You can do anything.

Because you are amazing.

Keep going, because you’re going to reach the top of that ladder and from that higher peak that you’re now standing on, you’re just going to kick it away, because you’re not going back down.

You may have been betrayed in this life by other humans whom you respected, admired, and even loved. It’s time to become the parent to your inner child because only you know what she needs the most. And quite honestly, you’re the only one who can meet those needs.

Yes, you can. You are capable. And you are worthy.

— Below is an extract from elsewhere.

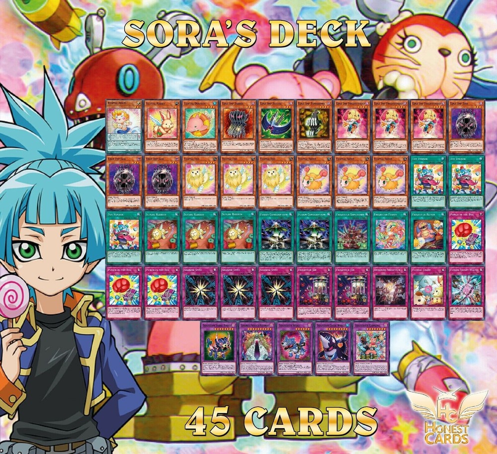 Hello all I am a New Ebay Seller!!! I am a Female Yugioh & Magic Collector!!! Happy Bidding!!! A bonus for ordering you will also Get a Free Holo Card from my collection. It maybe Super Rare, Ultra Rare, or SECRET Rare!!! Picture may have been edited due to Inventory Changes Please read description Below Item for sale is: Complete 45 Card Sora Perse's Deck 23 Monsters: 1x Frightfur Sabre-Tooth (Super Rare) 1x Dangerous Frightfur Nightmary (Ultra Rare) 1x Frightfur Chimera (Rare) 2x Frightfur Cruel Whale 1x Fluffal Angel (Super Rare) 3x Edge Imp Frightfuloid 3x Edge Imp Saw 3x Fluffal Leo 3x Fluffal Sheep 2x Edge Imp Scythe 1x Fluffal Rabbit 1x Fluffal Dolphin 1x Edge Imp Tomahawk 13 Spell Cards: 3x Suture Rebirth (Rare) 2x Fusion Subscription (Rare) 1x Frightfur Fusion (Rare) 3x Frightfur Repair 3x Toy Vendor 1x Frightfur Sanctuary 9 Trap Cards: 3x Fuhma Wave 3x Frightfur Jar 1x Designer Frightfur 1x Fluffal Crane 1x Fusion Fright Waltz

Okay, that was a lot, so let’s recap:

  • Many of us carry the pains of our past in the form of an inner child who just wants to be comforted, to feel safe, and to be loved. Whether or not the events that hurt you happened during childhood or adulthood, it’s the child inside of you who needs your attention today.
  • Love is an emotion that you generate within. It cannot be magically transmitted to another person. Any love someone else feels for you comes from whatever they have generated within themselves. And so, if it’s possible to create love for another person inside of yourself, it’s possible to create love FOR yourself.
  • Any abuse that you have experienced in the past is just that, the past. Any beliefs you have formed about your own self-worth as a result of these experiences can be changed. I recommend that you create a new ladder of beliefs, starting with one simple thought at a time that you repeat over and over, either verbally or written (both would be fantastic), each thought becomes your daily mantra until you believe it. Then move on to the next thought that you can buy into today.
  • I can’t tell you what those thoughts should be. No one can. You make that determination for yourself. You become the parent to your inner child. She needs you and only you can fully and completely meet her needs. Because you know her best.

It’s your road and yours alone. Others may walk it with you, but no one can walk it for you.

Jelaluddin Rumi

Indeed.

Seriously, I don’t care if you are the slightest bit interested in yoga, but I do encourage you to look up Child’s Pose and give it try. It really is like physically giving yourself a hug, it feels amazing, and doing something like this will affirm your commitment to actively participate in your own healing path. If you’re currently seeing a counselor or therapist, that’s wonderful. Keep it up. Just don’t neglect this inner work too.

Above all, don’t forget that you’re moving forward on this road.  That is your direction. You’ve got this.